Demonstration of a specific mitochondrial isovaleryl-CoA dehydrogenase deficiency in fibroblasts from patients with isovaleric acidemia.

Abstract

To study the enzymatic basis of isovaleric acidemia, we have developed assay methods for isovaleryl-CoA and butyryl-CoA dehydrogenases that measure the amount of tritium released from the respective [2,3-3H]acyl CoAs. Because assay of these enzymes in human fibroblast homogenates was subject to interference by nonspecific reactions, we have isolated mitochondria from cultured skin fibroblasts by protease treatment, homogenization, and differential centrifugation. By using this assay method with these isolated mitochondria, we have demonstrated a specific deficiency of isovaleryl-CoA dehydrogenase [isovaleryl-CoA: (acceptor) oxidoreductase, EC 1.3.99.10] activity in cultured skin fibroblasts from five patients with isovaleric acidemia.

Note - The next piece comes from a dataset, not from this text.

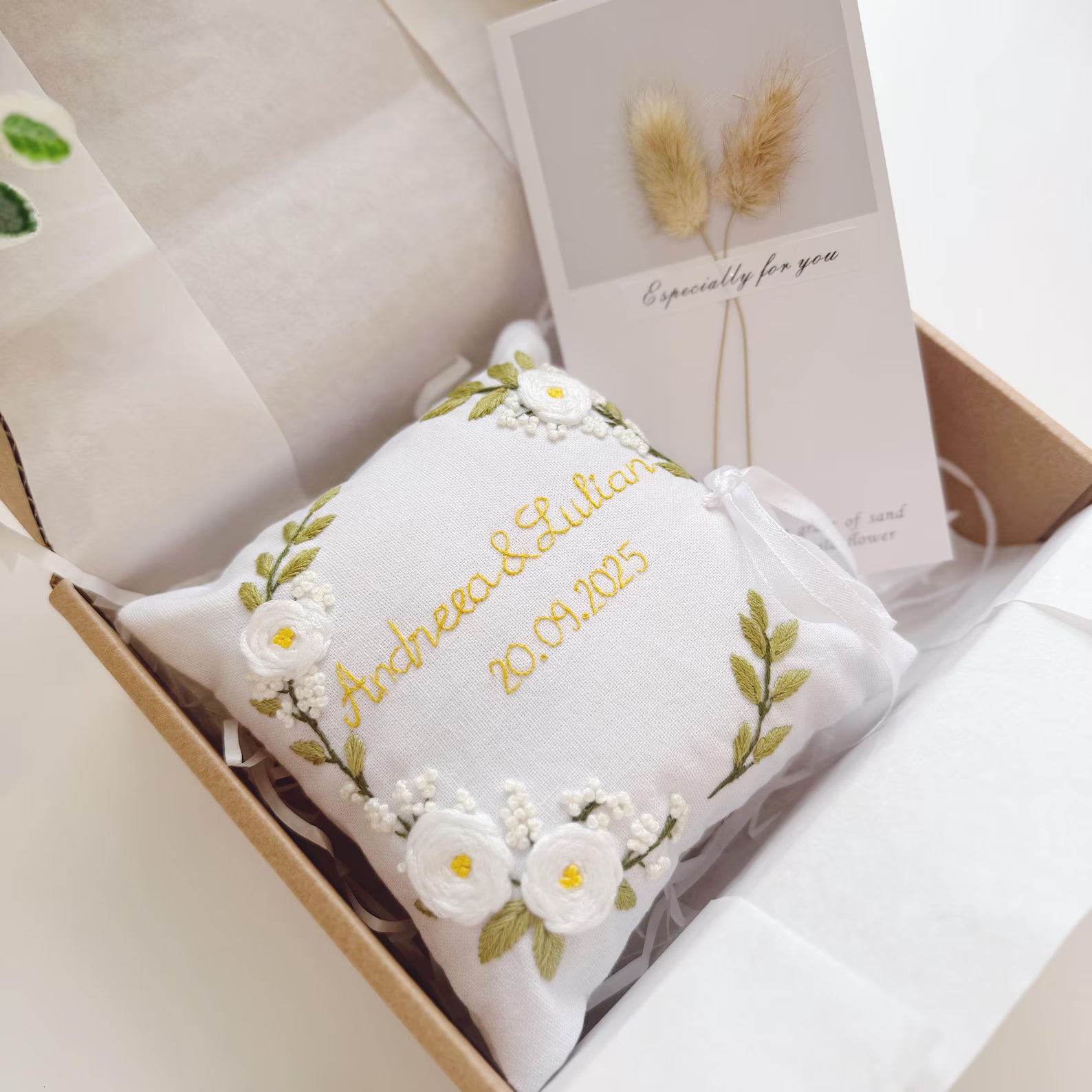 This piece is not just a ring holder—it’s a heartfelt keepsake of your big day. Each pillow is one-of-a-kind and made with love and care.
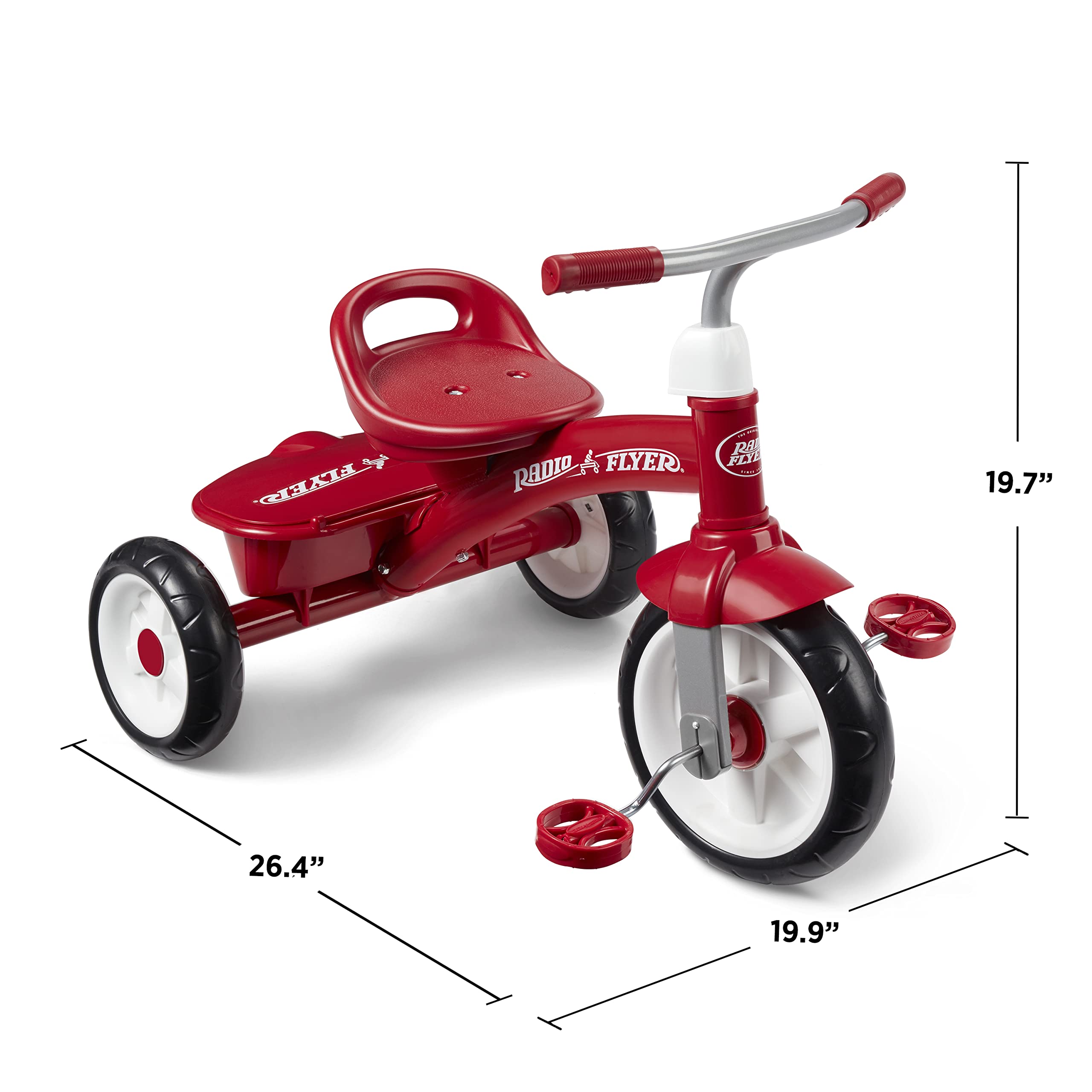 The Red Rider Trike offers convenience, comfort, and fun! These toddler girl toys feature steel construction, comfort grip handlebars, and quiet ride wheels. The adjustable bicycle seat ensures your child will enjoy the balance bike for years. Plus, it comes with a fun covered storage bin. Whether riding on your local sidewalks, cruising the park pathways, or exploring the backyard, this tricycle is designed for everyday family fun in all environments. If you’re looking for 3 year old girl gifts, outdoor toys for toddlers 1-3, 5 year old girl birthday gift ideas, a 2 year old boy birthday gift, outside toys for toddlers 1-3, 1 year old toys, or a tricycle for toddlers 1-3, look no further! It's ideal for a toddler scooter, toys for 3 year old girl, toddler toys 1-2, 2 year old toys, toys for 1 + year old boy, outdoor toddler toys, and toys for 2 year old boy. This toy is recommended for a 3 year old girl birthday gift, balance bike 2 year old, outdoor toys for toddlers 3-5, gifts for 4 year old girl, toys for 2 year old girl, and gifts for 2 year old girls. The best learning toys for 2 year olds, ride on toys for kids 4-8, toys for 2 + year old boy, 2 year old boy toys, ride on toys for toddlers 1-3 boys, and toys for 2 + year old girl. For additional questions, support, or concerns, please contact our customer service team at https://www .radioflyer .com/customer-service/ or 1 (800) 621-7613.

In contrast, mitochondrial butyryl-CoA dehydrogenase [butyryl-CoA: (acceptor) oxidoreductase, EC 1.3.99.2] activity in these cells was preserved at normal levels. These results have been reproduced by using the conventional dye reduction assays. These observations give further support to the hypothesis that isovaleryl CoA is dehydrogenated by a specific enzyme and that isovaleric acidemia is due to a deficiency of this enzyme.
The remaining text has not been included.